Fixing Cognitive Distortions


Cognitive distortions have a way of playing havoc with our lives--if we let them. This kind of thinking can be undone, but it takes effort and lots of practice every day. If you want to stop the irrational thinking, you can start by trying out the exercises below. 11.Identify Our Cognitive Distortion. We need to create a list of our troublesome thoughts and examine them later for matches with a list of cognitive distortions. An examination of our cognitive distortions allows us to see which distortions we prefer. Additionally, this process will allow us to think about our problem or predicament in more natural and realistic ways. 12.Examine the Evidence. A thorough examination of an experience allows us to identify the basis for our distorted thoughts. If we are quite self-critical, then, we should identify a number of experiences and situations where we had success. 13.Double Standard Method. An alternative to "self-talk" that is harsh and demeaning is to talk to ourselves in the same compassionate and caring way that we would talk with a friend in a similar situation. 14.Thinking in Shades of Gray.
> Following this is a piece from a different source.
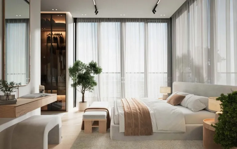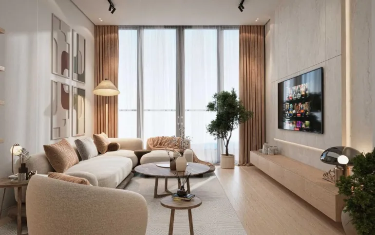 This stylish 2-bedroom apartment in Azure By Lapis, RAK Central, offers a perfect blend of comfort and contemporary living. The apartment features a well-planned layout with spacious living and dining areas, modern finishes, and large windows that provide natural light and pleasant views of the surrounding area.

Instead of thinking about our problem or predicament in an either-or polarity, evaluate things on a scale of 0-100. When a plan or goal is not fully realized, think about and evaluate the experience as a partial success, again, on a scale of 0-100. 15.Survey Method. We need to seek the opinions of others regarding whether our thoughts and attitudes are realistic. If we believe that our anxiety about an upcoming event is unwarranted, check with a few trusted friends or relatives. 16.Definitions. What does it mean to define ourselves as "inferior," "a loser," "a fool," or "abnormal." An examination of these and other global labels likely will reveal that they more closely represent specific behaviors, or an identifiable behavior pattern instead of the total person. 17.Re-attribution. Often, we automatically blame ourselves for the problems and predicaments we experience. Identify external factors and other individuals that contributed to the problem. Regardless of

the degree of responsibility we assume, our energy is best utilized in the pursuit of resolutions to problems or identifying ways to cope with predicaments. 18.Cost-Benefit Analysis. It is helpful to list the advantages and disadvantages of feelings, thoughts, or behaviors. A cost-benefit analysis will help us to ascertain what we are gaining from feeling bad, distorted thinking, and inappropriate behavior. Note: 1) clinical concept of secondary gain; and 2) refer to cost-benefit analysis. Reference: Burns, D.D. (1989). The feeling good handbook: Using the new mood therapy in everyday life. New York: William Morrow.